Malicious Injection — It's Not Just For SQL Anymore 119
nywanna writes "When most people think of malicious injection, they think of SQL injection. The fact is, if you are using XML documents or an LDAP directory, you are just as vulnerable to a malicious injection as you would be using SQL. Bryan Sullivan looks at the different types of malicious code injections and examines the very basics of preventing these injections."
Old news (Score:4, Insightful)
More old news (Score:4, Insightful)
From TFA:
Seems simple enough, but it's amazing how often this is ignored or implemented badly.
know your system (Score:2, Insightful)
How come they are not well known to developers. Last time I checked if I dont use ldap somewhere along my lines
of codes I'm not in trouble of a ldap injection. Know your systems and check yours inputs! god damn!
Validate this (Score:4, Insightful)
RE: validating input fields...
I can't help but feel that most developers have at least a little common sense and do something along those lines anyway.
I often write little validate_input(char *string, char *format) that checks all input string from a user are simple, but more often than not very effective. How is this any different from using white and black lists. Any coder worth their salt would do something to stop malicious input, but no one in completely infallible.
Security of anything in this world is near on impossible. Hackers will get around anything given time.
Re:Seriously (Score:3, Insightful)
This has been true since the dawn of programming. NEVER trust the user. Oh before it was just entering text when the program expected an integer, or a negative value when it expected a positive etc. Now we don't get "? Redo from start" errors that crash the BASIC programs. But it's essentially the same thing. Never expect the user will cooperate with the program. Especially a program that is available to potentially malicious people out on the internet.
Re:If you only knew the POWER of languages (Score:1, Insightful)

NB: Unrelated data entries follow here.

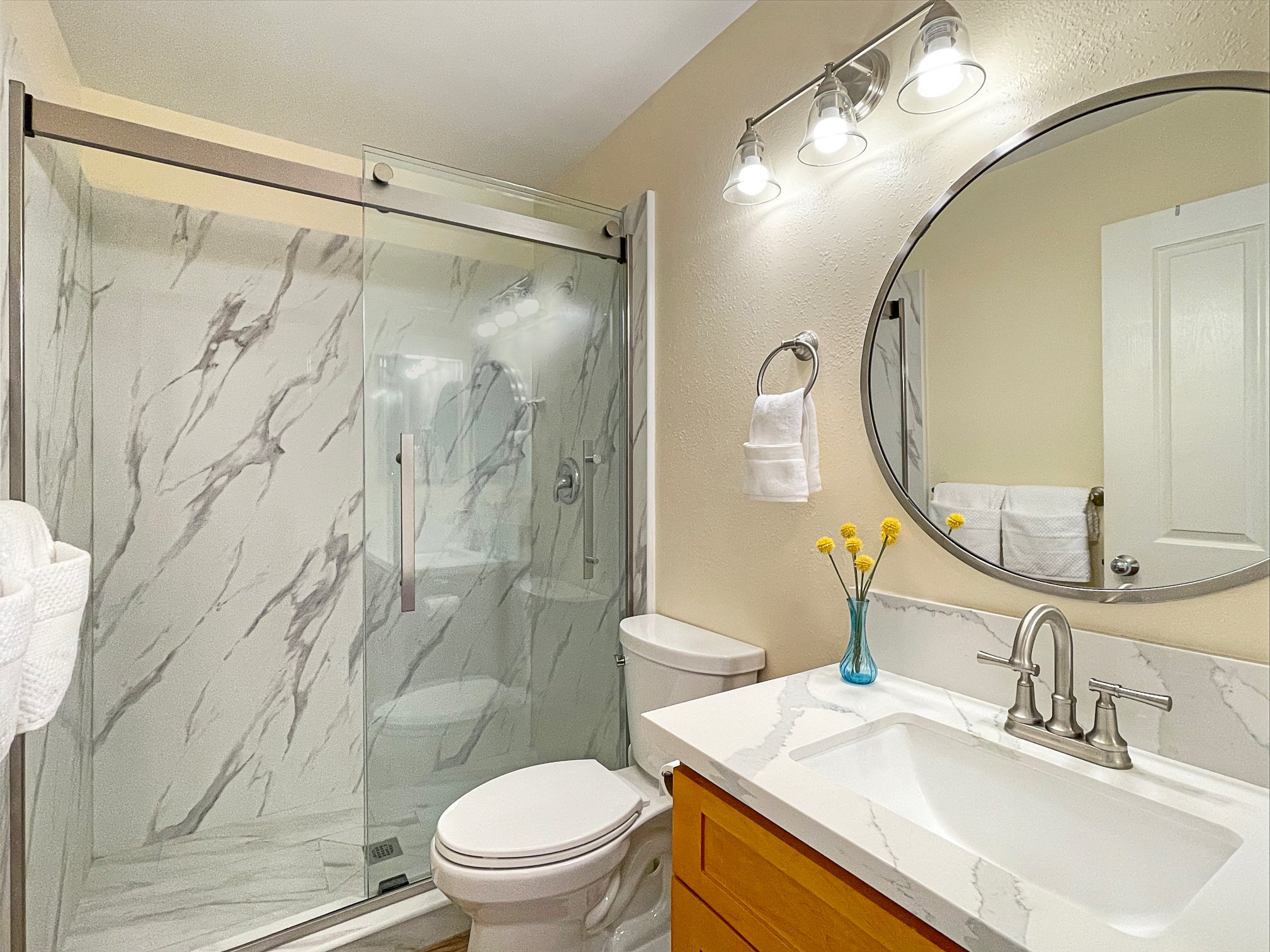 Features include: new kitchen and bathroom cabinetry and quartz countertops; new vinyl plank flooring throughout; new shower/tub surrounds, bases & doors; pantry closet; stacked washer/dryer unit; large closets; and window A/C units.
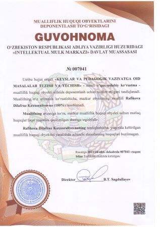 | 3060 | №007041 | O‘quv-uslubiy ko‘rsatma - «KEYSLAR VA PEDAGOGIK VAZIYATGA OID MASALALAR TUZISH VA YECHISH» | Rafikova Dilafruz Kaxxoraliyevna (100%) | Rafikova Dilafruz Kaxxoraliyevna | 04.12.2023 | ![]() |
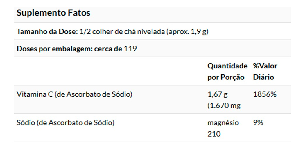 4. Rotina Simplificada: A embalagem com 277g de Ascorbato de Sódio puro facilita o consumo diário, tornando-o uma solução prática para incorporar à rotina.
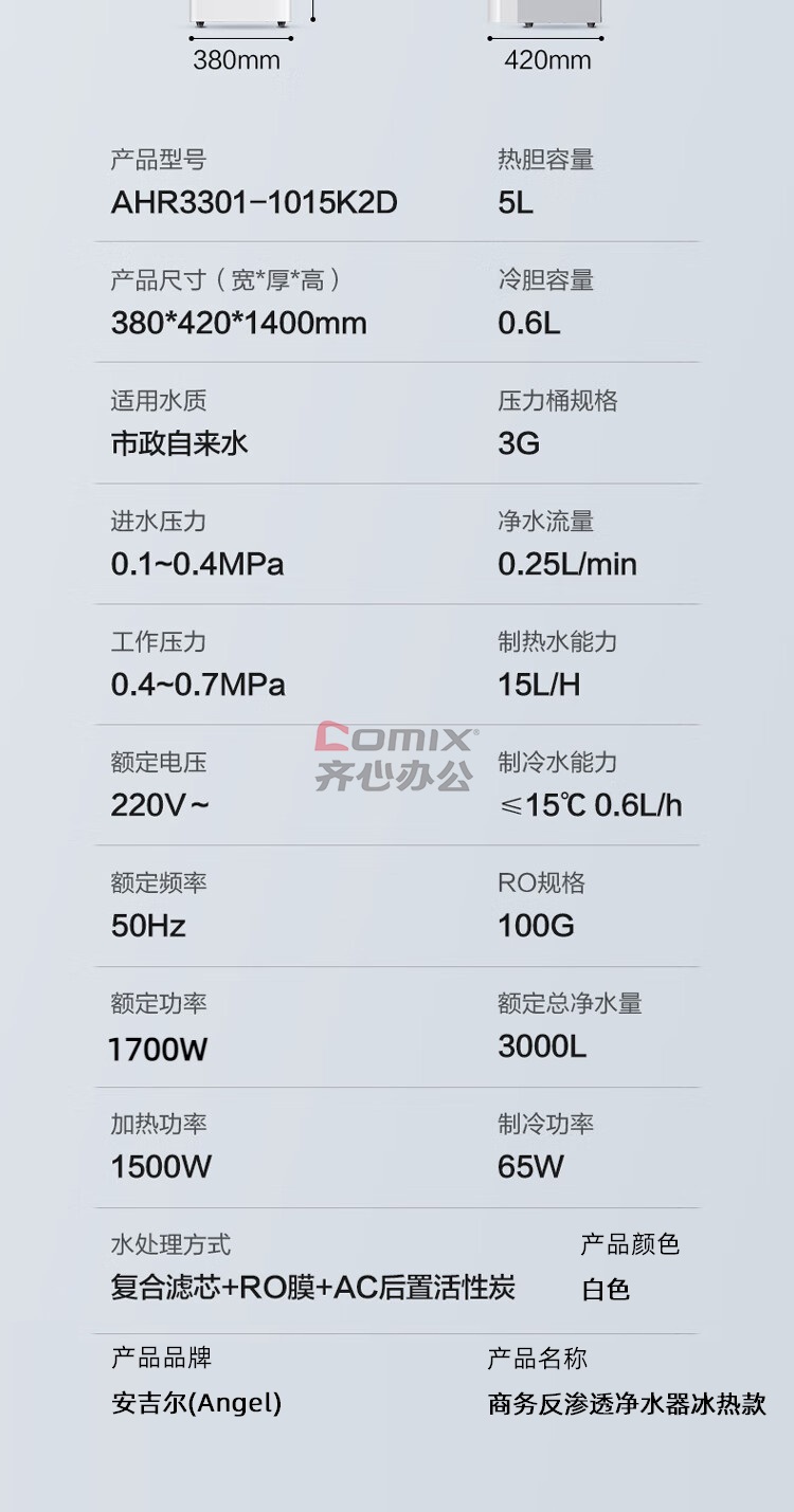 - 商品名称:安吉尔(Angel) AHR3301-1015K2D 商务反渗透净水器冰热款 (计价单位:台) 白色
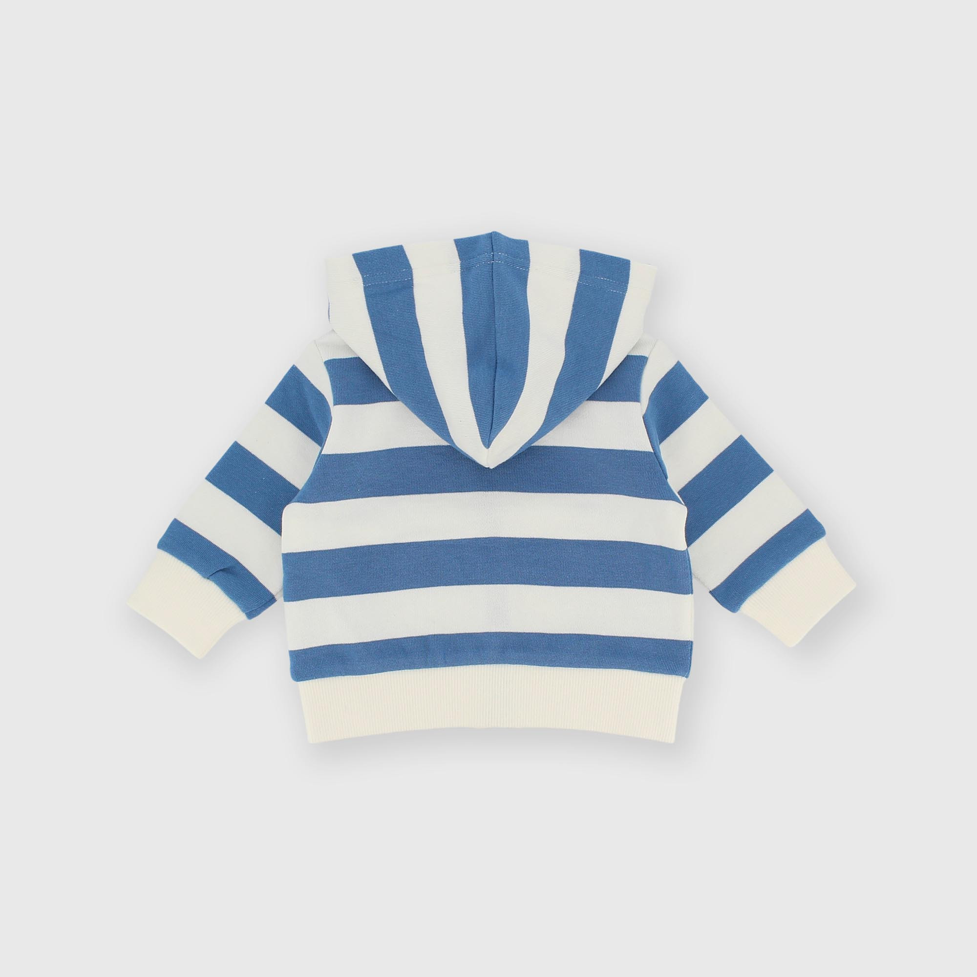 Толстовка с длинными рукавами, без застёжки. Молния спереди и карманы-кенгуру. Принтованные полосы. Ребристые манжеты и подол.
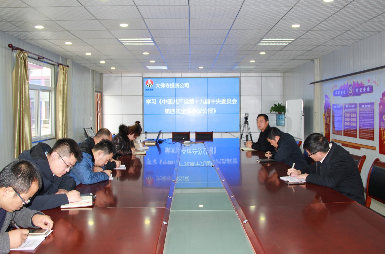大佛寺投资公司党支部组织全体党员干部召开主题党日学习会,专题学习《中国共产党第十九届中央委员会第四次全体会议公报》。该公司党支部要求党员干部要学深悟透、学懂弄通全会精神;切实强化制度意识,严格执行制度,坚决维护制度;要学用结合、以学促干,在推动各项工作落实上下功夫,把党的十九届四中全会精神转化为抓好省委巡视反馈意见、主题教育检视问题、基层党建突出问题等整改落实的强大动力,推动景区建设,促进企业高质量发展。
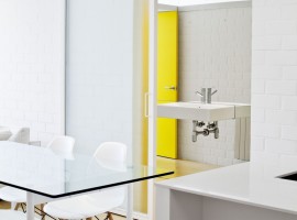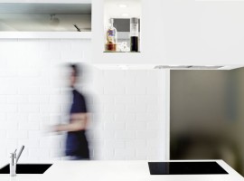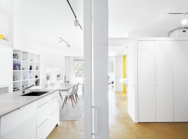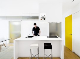 The Glazed Apartment in Spain by Sergi Pons is a visually stimulant home, which has clear defined spatial attributes. There is a living quarter combined with the dining and kitchen at the entrance, which is set off by a glazed wall, behind which there are two medium sized bedrooms that share a common bathroom. It is the simplicity of the layout that makes up for the finer details of the apartment, thus enhancing the real spatial attributes to the next level. The apartment looks smaller, in comparison to many of the reasonably sized studio apartments in Spain. It was a real challenge, to come up with interior design ideas that envision the space and create a visually striking and luminous interior for a small sized apartment.

That's not exactly true. There are multiple ways to break parsers by entering bogus data even into fixed length fields. For example, there were several bugs in password and user configuration utilities that took advantage of the parser not correctly handling delimiters embedded in user input. Some even took advantage of the difference in delimiters between the input screen and the backend. For example, web forms don't allow tabs as delimiters, but if the backend uses tabs then it would be problem. This won't occur if a webpage is used to input the data, but it was a trivial matter to write a script that could send the incorrect delimiters.
Comment removed (Score:5, Insightful)
Re:XML Logic Is Flawed (Score:4, Insightful)
Ignorance (Score:1, Insightful)
Re:It may sound trite, but... (Score:3, Insightful)
Re:XML Logic Is Flawed (Score:4, Insightful)
Bob
Re:Ignorance (Score:4, Insightful)
I suppose an apt analogy would be saying that it's ok to allow infectious material into a building as long as it is first correctly sealed in a bio-safe container - well that's true as long as you're sure the janitor isn't going to open it up later that evening and use it for a cookie jar.
Validation Is Not the Solution (Score:3, Insightful)
The solution I've been championing is structured composition. Instead of verifying that the input won't alter the structure of whatever you're composing, you use APIs that ensure that this won't happen. Some examples of this, as well as other bug-eliminating language/library features, can be found in my essay Better Languages for Better Software [inglorion.net].
Re:know your system (Score:3, Insightful)
Personally I have never understood why people try to hack utilities like XPath into database equivalents. But I guess if you learn how to use a hammer and screwdriver, you might well refuse to learn how to handle a wrench because you can "make" things work with the wrong tools.
Or perhaps it's a negative side-effect of object reuse fanatics who don't consider that reusability does not necessarily mean eliminating alternate implementations, but enforcing an appropriately designed and narrowed interface instead of specific implementations.
Imagine a rich reuse library that included not just default implementations, but specialized implementations that took advantage of particular tools and technologies to tweak performance, scalability, security, and reliability. ie. Instead of a generic JDBC connection with DbIO objects and methods, you could have the generic interface with specific implementations for Sybase ASE, DB/2 UDB, Oracle, PostgreSQL, SQLServer, etc. Some might not even use JDBC behind the interface. Some might rely on stored procs, others might rely on product-specific features like PostgreSQL table inheritance.
In any case, I'm reasonably certain such generic interface implementations would be much less vulnerable to injections, because even if the code were sloppy, the attacker would have to know which implementation they're attacking, not just which technology.
Personally I ALWAYS validate and quote data appropriately. A couple decades of database, systems, applications, and distributed software development teaches painful lessons through late night and weekend debugs.